If you have too much of facial hair and caterpillar like eyebrows, head off to a beauty parlor to clean them. Nowadays, tattoos and piercing have become a rage among everyone; especially the young adults. If you too are obsessed with tattoos then you have to pay little more attention in covering them up in the first meeting.
Remember, you are not going to show them why you are considered as a style diva among your friends. Look natural! It makes a good impression.
Take Some Gifts For Them
If you are meeting his parents for the first time, don’t go empty handed. Take some flowers and wine along with you. You can also take chocolates if you want. When it comes to flowers, you have to be a little mindful. Some people are allergic to strong fragrances and some specific flowers. Know beforehand if anyone in the family is allergic to this or not. White flowers are just fine but try to avoid blue and dark red.

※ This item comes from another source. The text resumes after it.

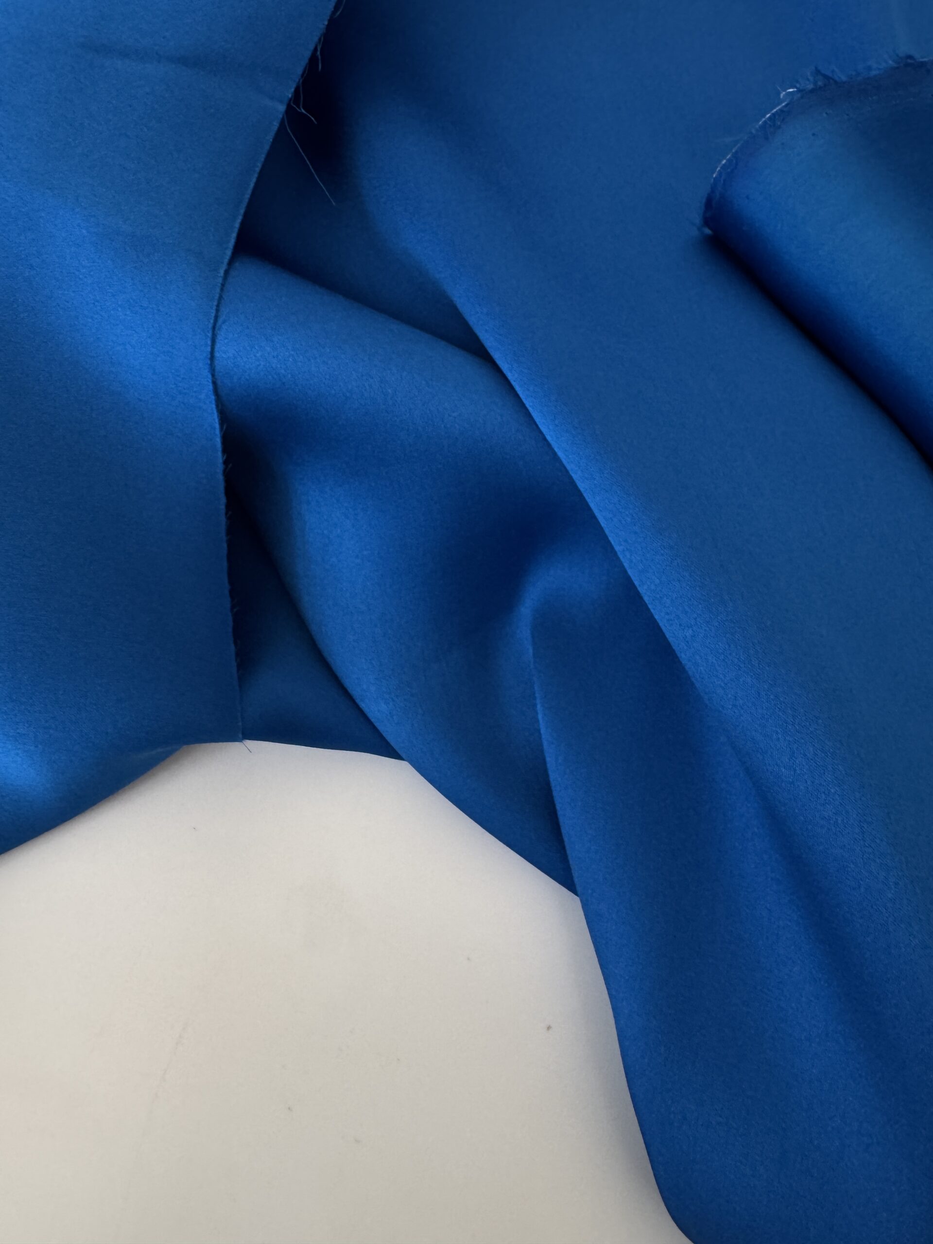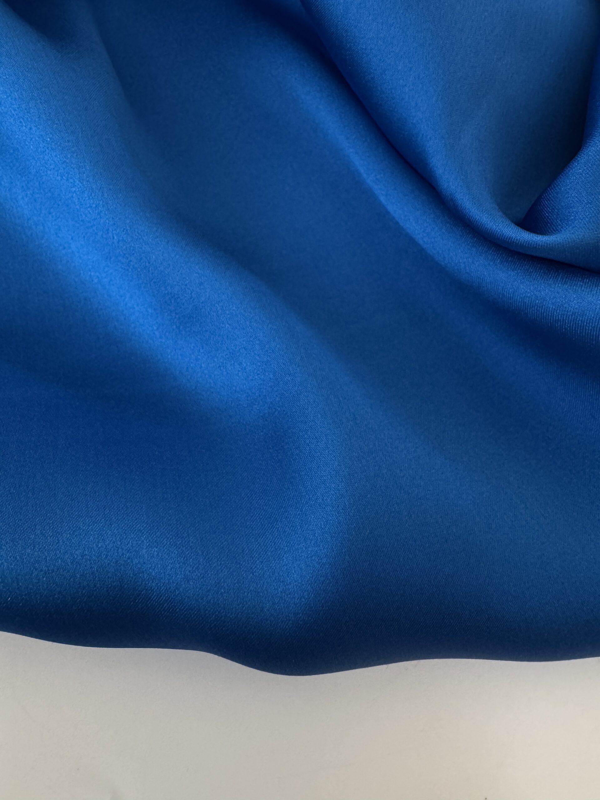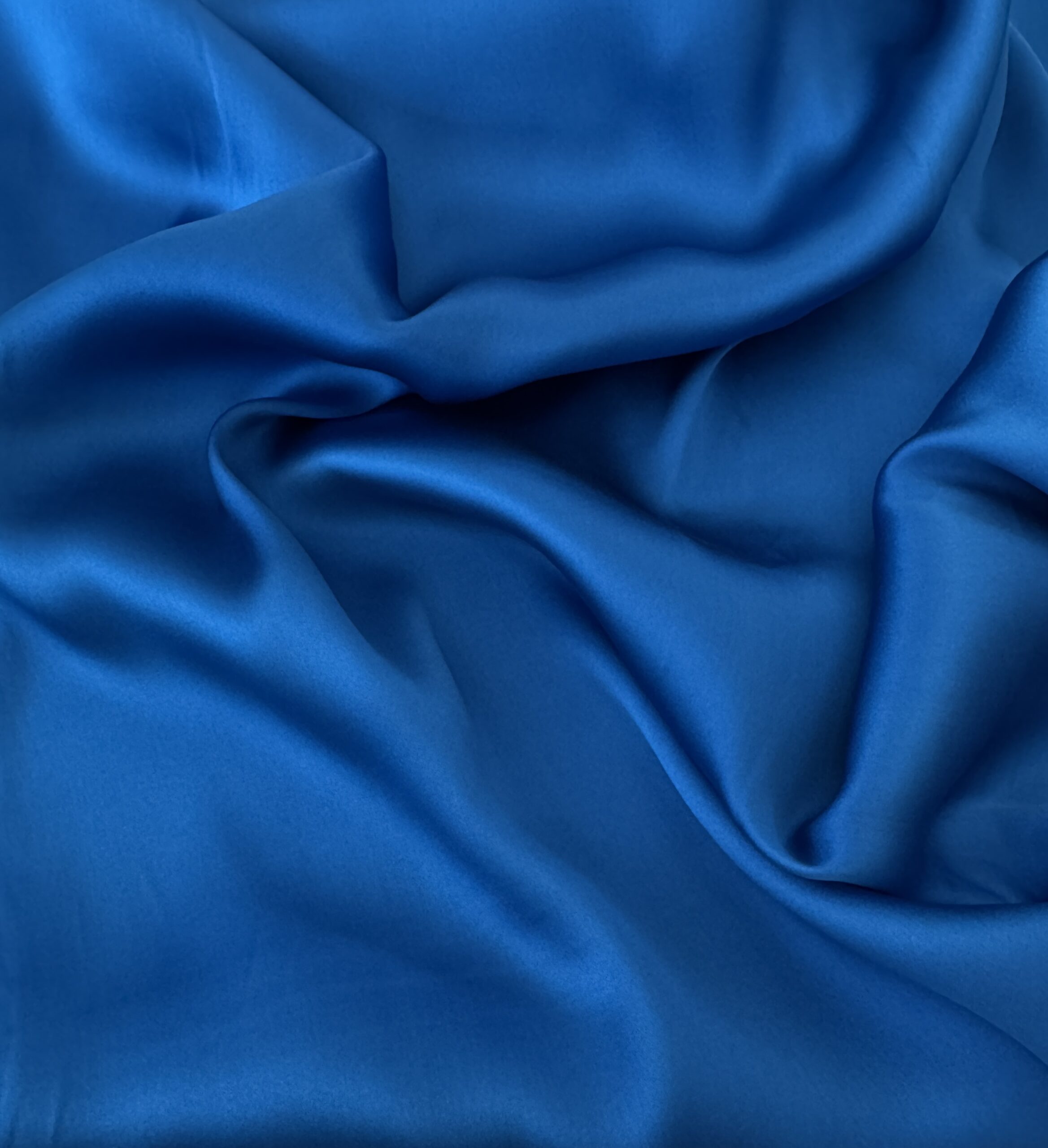 Medium weight, closely woven silk with satin finish on both sides. In a stunning blue colour.

Be Careful About What You Say
When you are meeting his parents for the first time, you might be a bit nervous. Sometimes nervousness can lead us to say improper stuffs in front of elders. Say what you have to say but be clear about it. Say it properly and make it easier for others to understand your opinion. Don’t disrespect their feelings if you do not agree to their views, politely tell them what you think and why you think so. Never say- you are wrong! Instead, say- in my opinion…. And continue the conversation. Don’t bring up the topic of arguments between you and your man in front of them; you know, that’s a very wrong timing.
Avoid those topics that can lead to an out of the context discussion. It’s not a place or time to discuss about your favorite film star and the political party that you support or why global warming is increasing day by day! Talk about family friends and everything they ask you about. Think before anything comes out of your mouth. Once you have left his house after the meeting, don’t forget to send a thank you note to them for accepting you as a part of their family.
So, don’t get messed up. It’s not a job interview; you are just going to meet your significant other’s parents. Be prepared, follow the tips and give your best shot!